Dataset entries
┌──

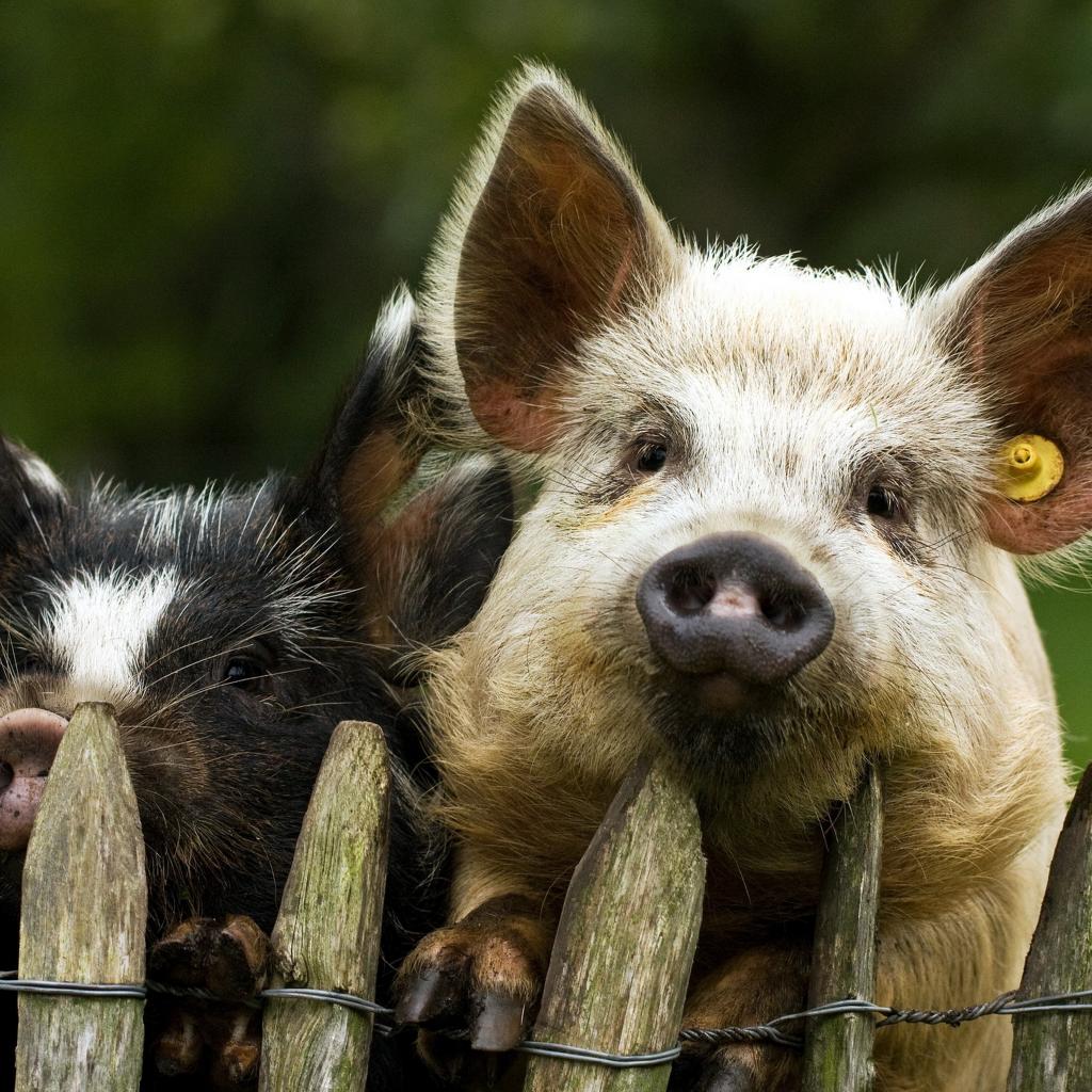 Обои Две маленькие дикие свиньи стоят на зеленой траве
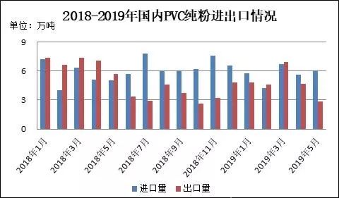 图5 2018-2019年国内PVC纯粉进出口情况
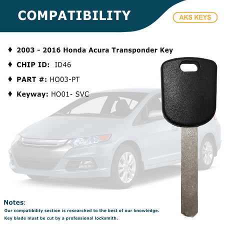 2003 - 2016 Honda Acura Transponder Key - ID46 Chip "V" - HO03-PT (25 Pack)
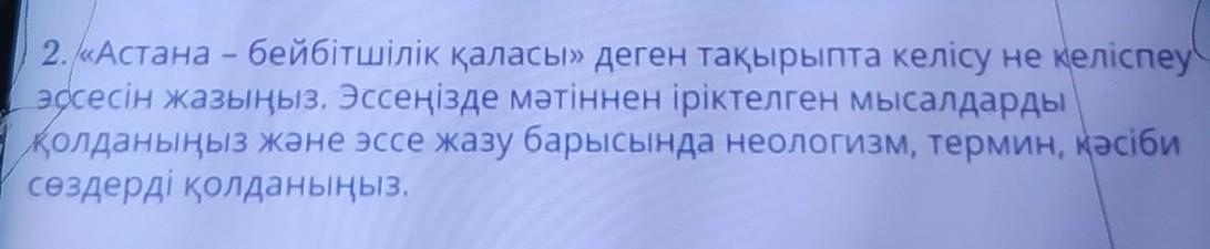 эссесін жазыңыз. Эсееңізде мәтіннен іріктелген мысалдарды
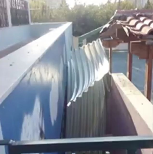 Ευτυχώς οι μαθητές και οι δάσκαλοι στο 2ο δημοτικό σχολείο στο Καματερό είχαν αρχίσει να μπαίνουν στις τάξεις όταν αποκολλήθηκε μέρος της σκεπής από τον αέρα και αυτός ήταν και ο λόγος που αποφεύχθηκε κάποιος τραυματισμός.
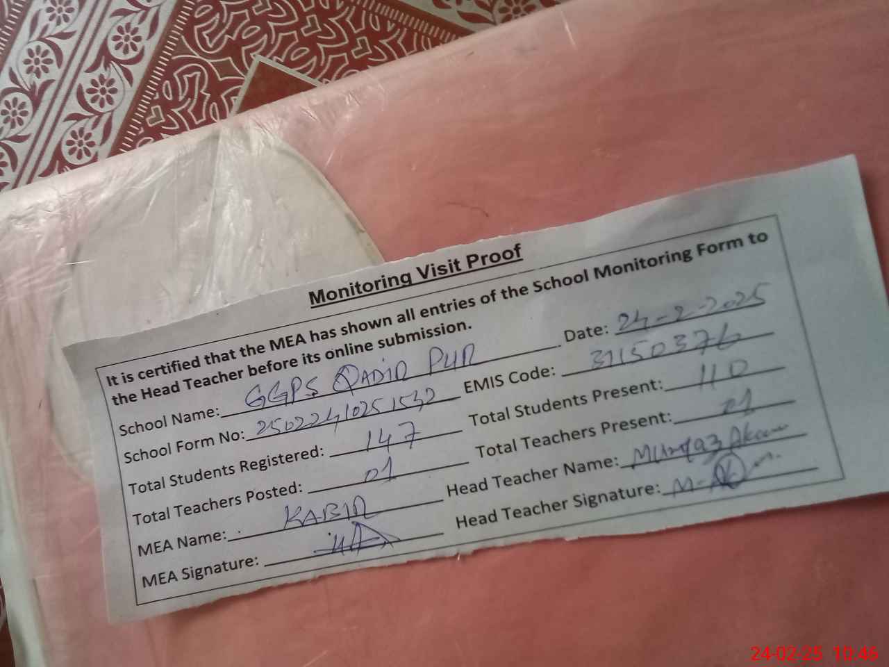 | EMIS Code: 31150376 | Name of School: GGPS QADIR PUR | |||
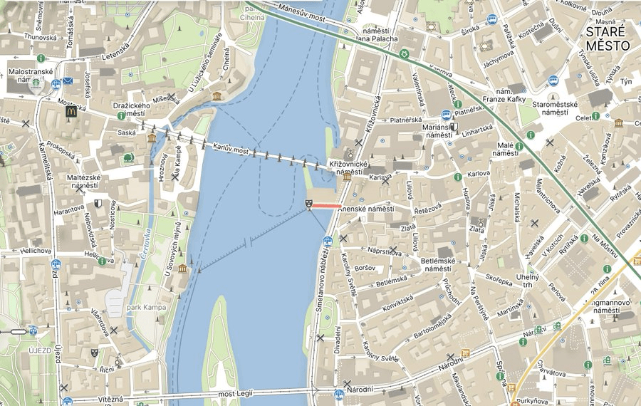 In 1887, it was renamed Novotného lávka in honour of Karel Novotný (1827-1900), a miller who had arranged for an iron footbridge on the southern side of the ‘street’.
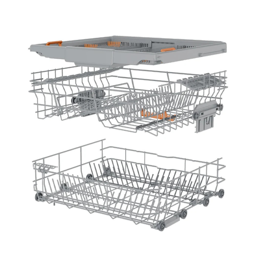 Broj korpi: 3 Gornja korpa 3 držača za čaše Široki nosač za noževe Fiksirana potpora za staklenke Fiksni držači Sklopiva/odvojiva lijeva polica Preklopljiva desna polica CupHolder za čaše Preklopljiva lijeva polica CupHolder za čaše Široka mreža Donja korpa Široka mreža Preklapajući/djeljivi zadnji držači Gornja korpa (za pribor za jelo) Sklopiva / odstranjiva Sa teleskopskim vodilicama Ručka Ručka s plastičnim logotipom Odstranjiva Bez logotipa |
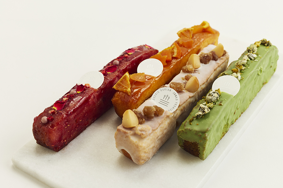 (右から)ピスタチオとキルシュに漬けたクランベリーの食感が大人っぽい「ピスタチオ」、フランス産マロンペーストと栗の渋皮煮がまるごと入ったリッチな「マロン」、完熟のアプリコットをなめらかな生地に合わせたジューシーでみずみずしい「アプリコット」、「フレーズローズ」は甘酸っぱいいちごとバラを組み合わせた華やかなテイストです。
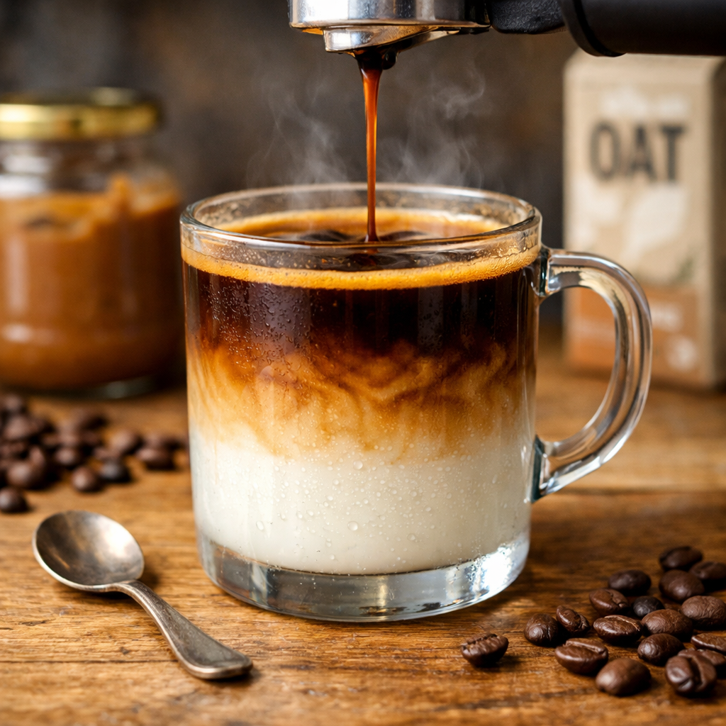 O erro comum é despejar o leite de coco gelado direto no café fervendo. A diferença brusca de temperatura e a acidez do grão fazem a gordura do leite se separar. Siga este método para ter um café digno de cafeteria:
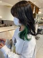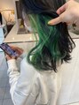 黄色がたっぷり入ったターコイズカラー☆肌色とも合わせながら調合してます♪カラートリートメントで発色も良くオススメです◎
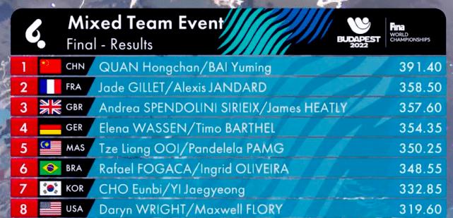 ▶中国跳水迎来世锦赛100金!全红婵白钰鸣混合全能夺冠 昨日,2022国际泳联世锦赛结束了混合全能跳水决赛的争夺。中国队两位小将全红婵和白钰鸣以382分的高分夺得冠军,为中国跳水梦之队摘得世锦赛参赛历史上的第100枚金牌。

└──

## Work instructions
Every line from the one that contains "黄色がたっぷり入ったターコイ" through the end of the records above is to be reproduced exactly; no picture goes in the copy.

## Answer section
 黄色がたっぷり入ったターコイズカラー☆肌色とも合わせながら調合してます♪カラートリートメントで発色も良くオススメです◎
 ▶中国跳水迎来世锦赛100金!全红婵白钰鸣混合全能夺冠 昨日,2022国际泳联世锦赛结束了混合全能跳水决赛的争夺。中国队两位小将全红婵和白钰鸣以382分的高分夺得冠军,为中国跳水梦之队摘得世锦赛参赛历史上的第100枚金牌。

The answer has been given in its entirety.